|In March 2014, Frankie Paul was forced to step into a Jamaican debate that suggests "dancehall music promotes crime." (Photo taken from St. Lucia News Online)|
The Cassanova singer died at the University Hospital of West Indies (UHWI) in Kingston on the night of May 18, 2017. According to reports, Paul's "heart stopped beating for seven minutes earlier this week."
He has been admitted at that hospital since April and had up to a $1.5 million medical bill of which friends have been assisting to finance.
The Jamaican Observer reported that Mr. Paul "had been suffering from kidney problems and was on dialysis two days per week."
Born on 19 October, 1965 as Paul Blake, the veteran singer was popular not only in his home country. He was also very popular in other parts of the world, including The Gambia. He made the small West African nation his second home.

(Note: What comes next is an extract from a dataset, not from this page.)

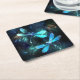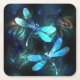 Two transparent, luminous, turquoise, artistically drawn dragonflies on night background with luminescent lake algae and fireflies. Glowing dragonfly.

While there, Paul made several performances including one in 2012 at Batokunku village in western part of The Gambia during the first Back to Africa Festival, organised by the UK-based ARIWA Records owned by Guyana-born Neil Fraser, also known as Mad Professor.

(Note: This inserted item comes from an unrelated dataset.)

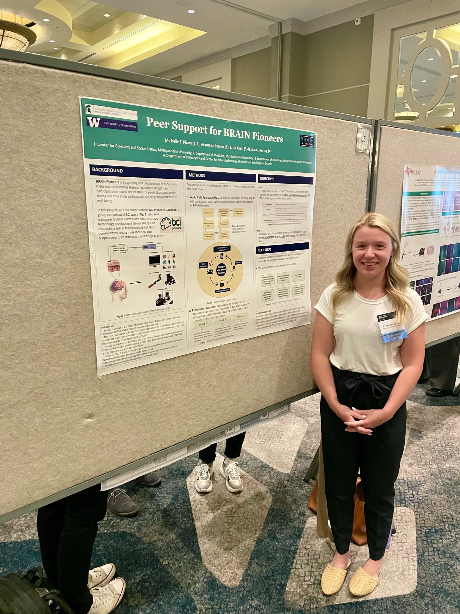 Working in public health has allowed me to broaden my professional experiences. In my current role as a research assistant in neuroethics, my principal investigator, Dr. Michelle Pham, encouraged me to submit an abstract on our NIH-funded research to the 10th Annual NIH BRAIN Initiative Conference in Rockville, MD, where I was recognized as a Scholar Spotlight Runner-Up for my abstract submission.

That festival, now an annual event, is meant to promote Africa’s cultural norms and values and to bring the Diaspora back to their cultural heritage.

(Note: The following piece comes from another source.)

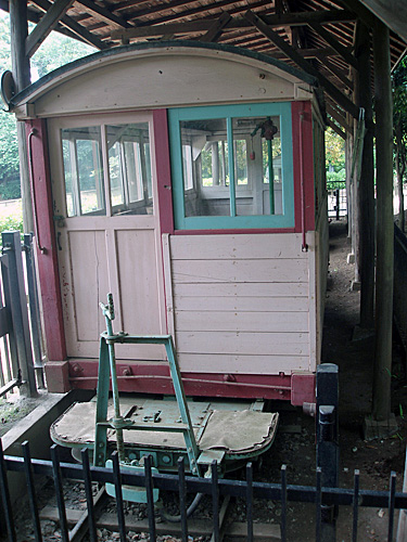 運材台車を挟んで客車が連結されています。 案内看板によれば形式「B大」定員15名。助六と車体に書いてあります。 |

Paul produced several albums including Give The Youth A Chance (1982), Money Talk (1991), I Be Hold (2001), and Most Wanted (2011).
In defence of dancehall
For more than 10 years, from the 1980s to the 1990s, Paul was one of Jamaica's top and biggest dancehall singers.
In March 2014, he was forced to step into a Jamaican debate that suggests "dancehall music promotes crime."
He dismissed this notion in a single It's Not Dancehall (Causing Crime). "I don't know where they got the idea that dancehall music promotes crime. Dancehall has always been about life and fun," Frankie Paul told the Jamaica Observer.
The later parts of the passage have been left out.